BANJARMASINPOST.CO.ID- SEJAK dipimpin Prof. Dr. ST. Burhanuddin, S.H., M.M Kejaksaan Agung (Kejagung) seolah berbenah. Lembaga hukum ini, tengah berupaya mengembalikan kepercayaan publik dan kredibilitas institusi Kejaksaan Agung (Kejagung) yang selama ini tercoreng akibat ulah oknum jaksa “nakal” bermain kasus, memeras, hingga terlibat korupsi.
Benar saja, sejak Burhanuddin memimpin Korps Adhyaksa banyak menangani kasus korupsi kelas kakap yang melibatkan koporasi hingga pejabat tinggi negara. Nilai kerugian negara yang ditangani pun mencapai triliunan rupiah.

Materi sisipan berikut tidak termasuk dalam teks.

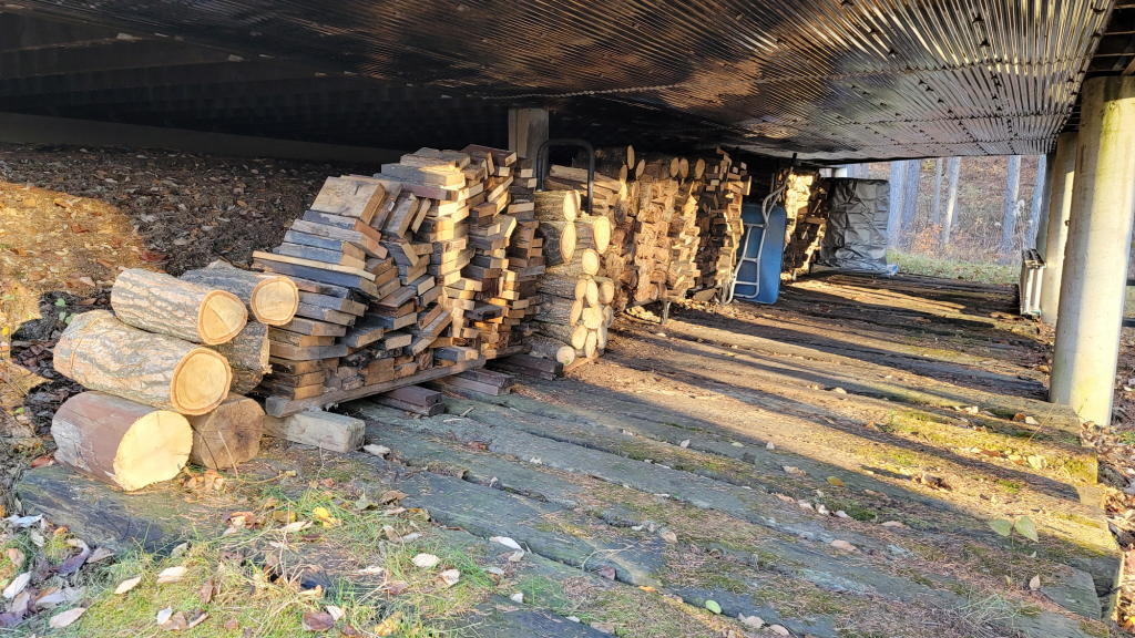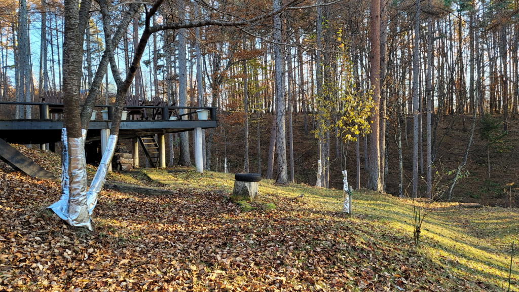 その後は、社主さまとひたすら薪のサイズへの切断作業。間に昼食(枕木テラスでのBBQ)を挟んで、メインウッドデッキ下の薪の貯蔵スペースへの運搬等々、冬支度を黙々と進めた。

Diantaranya, Dalam beberapa waktu terakhir, Korps Adhyaksa mengungkap sederet perkara mulai dari kasus izin timah, ekspor CPO atau minyak mentah, tata kelola minyak Pertamina, hingga pengadaan laptop Chromebook oleh Kemendikbudristek. Semua kasus tersebut, memiliki nilai kerugian negara yang fantastis.
Namun di tengah upaya bersih-bersih jajaran Kejaksaan Agung untuk mengembalikan citra lembaga Kejaksaan, publik dikejutkan oleh OTT KPK yang berlangsung di Kejaksaan Negeri (Kejari) Hulu Sungai Utara (HSU), Kamis (18/12).

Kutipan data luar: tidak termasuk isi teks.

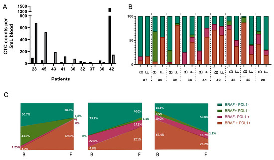 Evaluation of CTC counts and subpopulation evolution during patient follow-up. (A) Bar graph representing CTC numbers in 5 mL of peripheral blood at baseline (black) and one month after loco-regional surgery (grey) for 9 patients. (B) Evolution of the 4 CTC subpopulations based on BRAFV600E and/or PD-L1 expression. For each patient, B indicates baseline, and F indicates follow-up. (C) Model of the CTC subpopulations’ main evolution processes. Colours are: brown: BRAFV600E+/PD-L1+; pink: BRAFV600E−/PD-L1+; green: BRAFV600E+/PD-L1−; and cyan: BRAFV600E−/PD-L1−.

Tiga orang ditetapkan menjadi tersangka dalam kasus ini yakni Kepala Kejaksaan Negeri (Kejari) Kabupaten Hulu Sungai Utara (HSU) Albertinus Napitupulu dan Kepala Seksi Intelijen (Kasi Intel) Asis Budianto. Satu lagi, Kepala Seksi Perdata dan Tata Usaha Negara (Kasi Datun), Tri Taruna Fariadi yang menyerahkan diri setelah sempat kabur saat OTT berlangsung.
Plt Deputi Penindakan dan Eksekusi KPK, Asep Guntur Rahayu pada gelar perkara di Gedung KPK Jakarta, Sabtu (20/12) mengungkap ketiga tersangka diduga lakukan pemerasan terhadap sejumlah perangkat daerah di HSU. Meliputi Dinas Pendidikan, Dinas Kesehatan, Dinas Pekerjaan Umum (PU), hingga RSUD. Modus yang digunakan tersangka berupa menakut-nakuti para pejabat dinas.
Tersangka mengancam menindaklanjuti Laporan Pengaduan (Lapdu) dari Lembaga Swadaya Masyarakat (LSM) yang masuk ke Kejari HSU jika tidak memberikan sejumlah uang.
Kajari HSU, Albertinus diduga menerima aliran uang sekurang-kurangnya Rp 804 juta dalam kurun waktu November hingga Desember 2025. Uang tersebut diterima melalui perantara Asis dan Tri Taruna.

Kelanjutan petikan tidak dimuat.